▸ REQUIRED WORK
Your task is to reproduce exactly the lines that run from the beginning of the data through the line where "Evacuation du bateau, juin 1982" appears.

━━━━━ DATA SUPPLIED

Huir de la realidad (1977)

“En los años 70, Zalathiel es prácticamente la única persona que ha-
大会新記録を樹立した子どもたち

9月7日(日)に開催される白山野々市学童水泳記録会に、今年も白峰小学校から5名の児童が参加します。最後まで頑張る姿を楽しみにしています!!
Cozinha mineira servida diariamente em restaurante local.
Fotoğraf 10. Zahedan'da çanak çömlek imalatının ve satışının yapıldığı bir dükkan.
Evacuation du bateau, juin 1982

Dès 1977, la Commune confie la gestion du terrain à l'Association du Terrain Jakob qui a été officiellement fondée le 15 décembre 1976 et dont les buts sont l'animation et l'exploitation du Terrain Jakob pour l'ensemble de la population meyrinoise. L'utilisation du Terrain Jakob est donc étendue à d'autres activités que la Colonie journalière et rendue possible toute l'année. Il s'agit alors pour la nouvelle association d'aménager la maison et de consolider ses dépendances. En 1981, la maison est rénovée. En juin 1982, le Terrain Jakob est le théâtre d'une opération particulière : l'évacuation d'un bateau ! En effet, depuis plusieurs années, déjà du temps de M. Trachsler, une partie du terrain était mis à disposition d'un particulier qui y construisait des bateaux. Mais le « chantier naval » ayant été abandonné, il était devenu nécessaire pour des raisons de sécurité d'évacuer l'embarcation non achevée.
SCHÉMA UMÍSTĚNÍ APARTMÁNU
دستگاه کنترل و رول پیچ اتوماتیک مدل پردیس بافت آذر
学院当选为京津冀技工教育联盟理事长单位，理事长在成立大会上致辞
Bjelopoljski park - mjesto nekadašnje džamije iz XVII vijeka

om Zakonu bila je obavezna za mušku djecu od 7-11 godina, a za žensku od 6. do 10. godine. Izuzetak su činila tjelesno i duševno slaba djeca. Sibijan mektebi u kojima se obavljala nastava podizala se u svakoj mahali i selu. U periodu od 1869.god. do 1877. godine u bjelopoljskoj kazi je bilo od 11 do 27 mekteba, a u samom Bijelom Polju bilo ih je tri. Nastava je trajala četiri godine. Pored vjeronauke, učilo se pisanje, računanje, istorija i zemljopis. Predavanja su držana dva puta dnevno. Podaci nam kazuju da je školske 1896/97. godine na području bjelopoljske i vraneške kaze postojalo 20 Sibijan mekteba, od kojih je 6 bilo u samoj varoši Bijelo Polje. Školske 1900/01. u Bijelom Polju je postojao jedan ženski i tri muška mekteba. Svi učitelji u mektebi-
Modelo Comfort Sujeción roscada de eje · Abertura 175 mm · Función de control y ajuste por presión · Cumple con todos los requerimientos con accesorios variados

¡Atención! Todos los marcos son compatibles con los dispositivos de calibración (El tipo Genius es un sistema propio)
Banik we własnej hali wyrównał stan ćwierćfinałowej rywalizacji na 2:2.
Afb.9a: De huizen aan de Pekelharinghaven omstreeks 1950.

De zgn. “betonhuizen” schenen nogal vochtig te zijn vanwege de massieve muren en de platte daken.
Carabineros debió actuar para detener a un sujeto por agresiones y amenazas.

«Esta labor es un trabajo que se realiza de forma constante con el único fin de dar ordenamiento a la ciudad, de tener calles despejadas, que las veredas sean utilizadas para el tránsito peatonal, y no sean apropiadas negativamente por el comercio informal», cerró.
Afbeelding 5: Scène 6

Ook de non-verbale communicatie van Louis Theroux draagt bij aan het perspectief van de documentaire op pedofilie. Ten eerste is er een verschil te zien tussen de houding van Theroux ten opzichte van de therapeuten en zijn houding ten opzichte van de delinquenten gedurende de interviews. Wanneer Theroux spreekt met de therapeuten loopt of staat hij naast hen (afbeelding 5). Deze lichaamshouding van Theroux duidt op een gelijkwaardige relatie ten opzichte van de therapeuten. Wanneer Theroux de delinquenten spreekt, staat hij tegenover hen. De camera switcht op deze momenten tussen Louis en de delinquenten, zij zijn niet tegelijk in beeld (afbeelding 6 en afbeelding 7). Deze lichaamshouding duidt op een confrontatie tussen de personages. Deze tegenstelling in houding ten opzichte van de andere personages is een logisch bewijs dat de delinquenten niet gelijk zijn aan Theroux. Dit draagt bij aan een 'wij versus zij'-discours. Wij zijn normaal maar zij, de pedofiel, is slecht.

━━━━━━━━━━

▸ FINAL ANSWER
Huir de la realidad (1977)

“En los años 70, Zalathiel es prácticamente la única persona que ha-
大会新記録を樹立した子どもたち

9月7日(日)に開催される白山野々市学童水泳記録会に、今年も白峰小学校から5名の児童が参加します。最後まで頑張る姿を楽しみにしています!!
Cozinha mineira servida diariamente em restaurante local.
Fotoğraf 10. Zahedan'da çanak çömlek imalatının ve satışının yapıldığı bir dükkan.
Evacuation du bateau, juin 1982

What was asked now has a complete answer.